T. Rowe Price Associates, betting that Japan is poised for a fund boom, has become the latest U.S. mutual fund company to stake a claim in the country.

The Baltimore-based company announced it is paying $16 million for a 10% interest in an asset management company, to be headed by Sumitomo Bank Ltd. and Daiwa Securities Co., that will target Japanese retail and institutional investors.

T. Rowe executives also plan to use the Sumitomo-Daiwa joint venture, based in Tokyo, to sell Japanese investors a set of international funds it will manage with Robert Fleming Holdings Ltd., London.

"This is an enormous market," said George Roche, the president and chairman of T. Rowe. "It is potentially very significant."

The venture with Sumitomo, Japan's second-largest bank, and Daiwa, its second-largest brokerage firm and biggest mutual fund distributor, should be launched by April 1, said the spokesman for T. Rowe, which has $148 billion of assets under management.

The venture will begin with $29 billion of institutional portfolios and mutual funds that Daiwa and Sumitomo currently manage. Though T. Rowe will not manage the Japanese funds, it will contribute marketing expertise and help ensure a more disciplined, Western-style approach, in contrast to the momentum-investing approach Japanese managers are used to.

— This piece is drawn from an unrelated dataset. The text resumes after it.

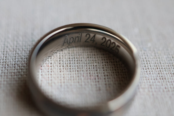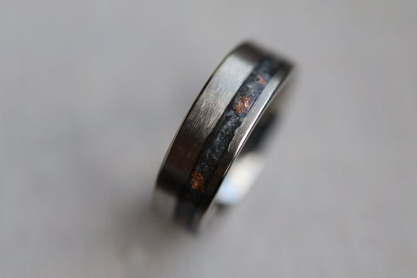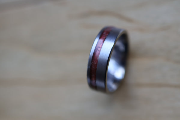 8mm wide with offset 2.5mm channel titanium ring. A perfect setting for ashes and also is a great option to show hair or fur or sentimental items like sand, flowers, fibres or any small material.
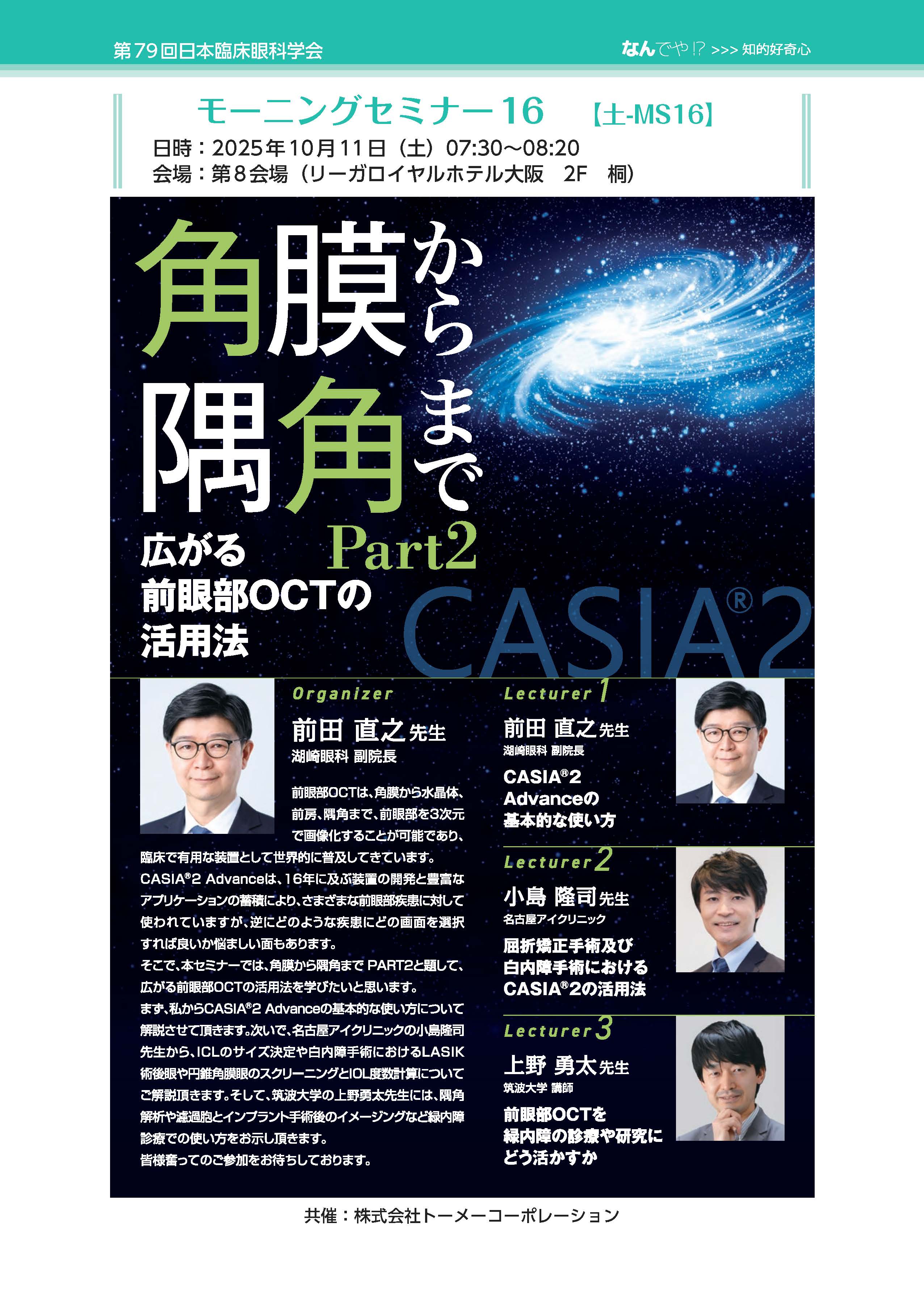 モーニングセミナー 16 角膜から隅角まで PART2 広がる前眼部OCTの活用法 2025年10月11日(土) 7:30 - 8:20 第8会場 | リーガロイヤルホテル大阪 2F 桐 共催:株式会社トーメーコーポレーション |

In jumping into the Japanese market, T. Rowe joins U.S. firms like Goldman, Sachs & Co., Alliance Capital, and Putnam Investments. All are banking on a wave of financial services reforms in Japan to open opportunities in retail investing and asset management for pension plans in a $10 trillion market, the world's second-largest.

"T. Rowe is just part of the frenzy that U.S. fund managers have started by plowing into the Japanese market," said Ben Phillips, a consultant at Cerulli Associates in Boston.

But Mr. Phillips warned that Japan, whose people are wary of investments, is a difficult market for asset management companies. In the past decade, mutual fund assets under management have actually shrunk, to about $360 billion from more than $400 billion. That has as much to do with the sickly Japanese stock market as it does with investor sentiment.

Just 4% of Japanese household assets have invested in mutual funds, known in Japan as investment trusts, compared with 37% in the United States, Mr. Phillips said.

T. Rowe appreciates the challenge and does not expect significant short- term profits, Mr. Roche said.

"You will have to have a gradual movement in this market where people get more used to investing in stocks and then in foreign markets," he said.

Japan's "big bang" reforms have opened the door for mutual funds to be sold through banks, insurers, and other financial services companies. The country's legislators are also considering the creation of 401(k)-style retirement plans for Japanese workers, which would create even more opportunities for asset managers.

T. Rowe plans to form a fifty-fifty joint venture with Fleming to manage the international funds. Through an existing joint venture, the two companies manage $30 billion of international assets for U.S. investors.